Reproduce the records below exactly; the images should not appear.
---
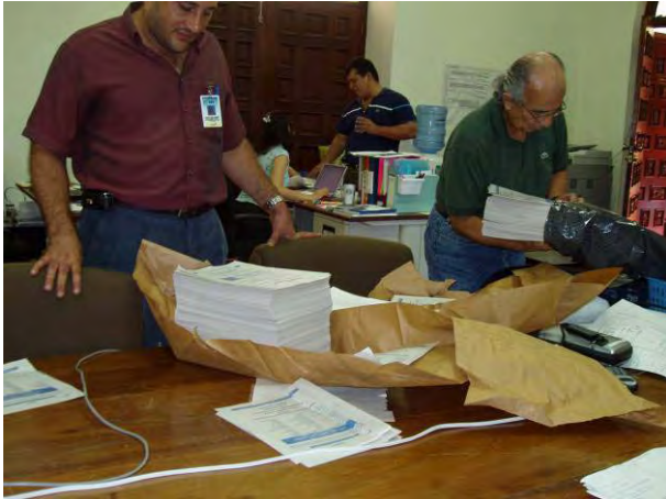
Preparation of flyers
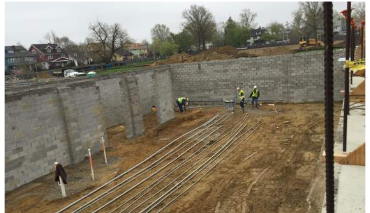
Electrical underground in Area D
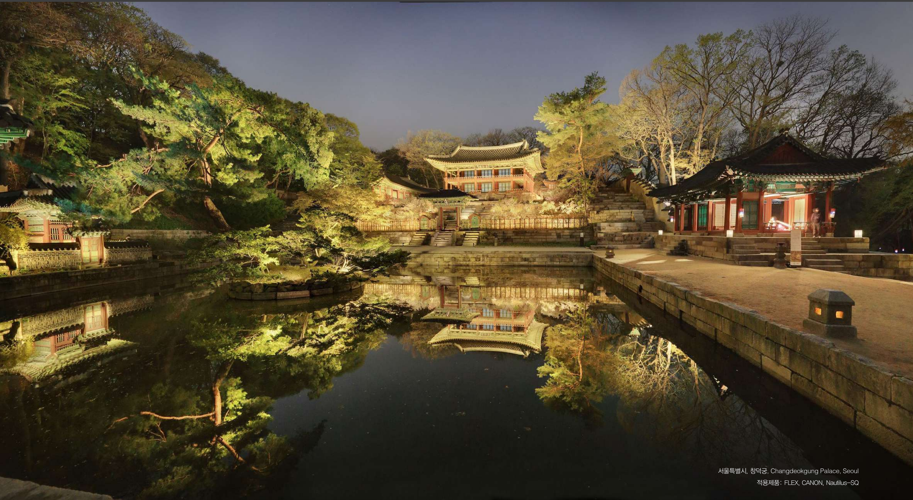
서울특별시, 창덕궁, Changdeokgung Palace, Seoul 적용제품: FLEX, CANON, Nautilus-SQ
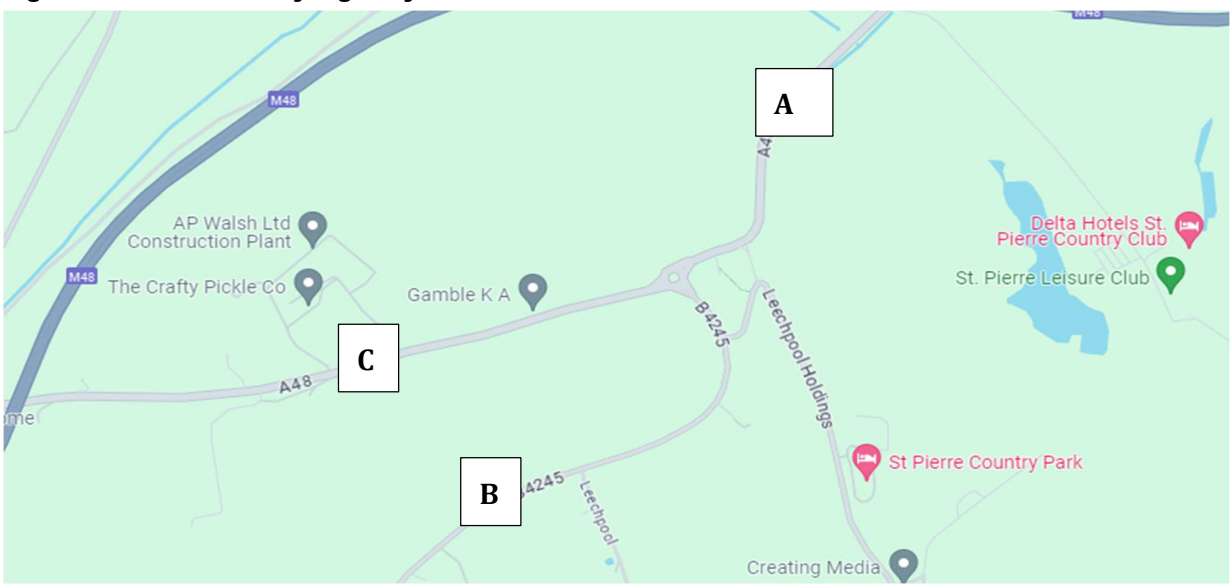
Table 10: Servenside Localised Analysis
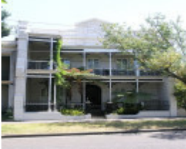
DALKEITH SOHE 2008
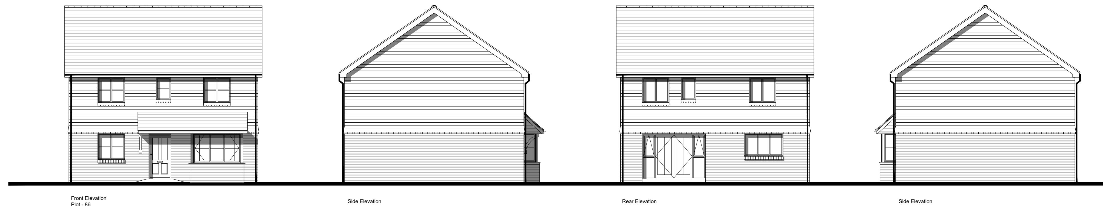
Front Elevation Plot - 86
---
### Exercise result
Preparation of flyers
Electrical underground in Area D
서울특별시, 창덕궁, Changdeokgung Palace, Seoul 적용제품: FLEX, CANON, Nautilus-SQ
Table 10: Servenside Localised Analysis
DALKEITH SOHE 2008
Front Elevation Plot - 86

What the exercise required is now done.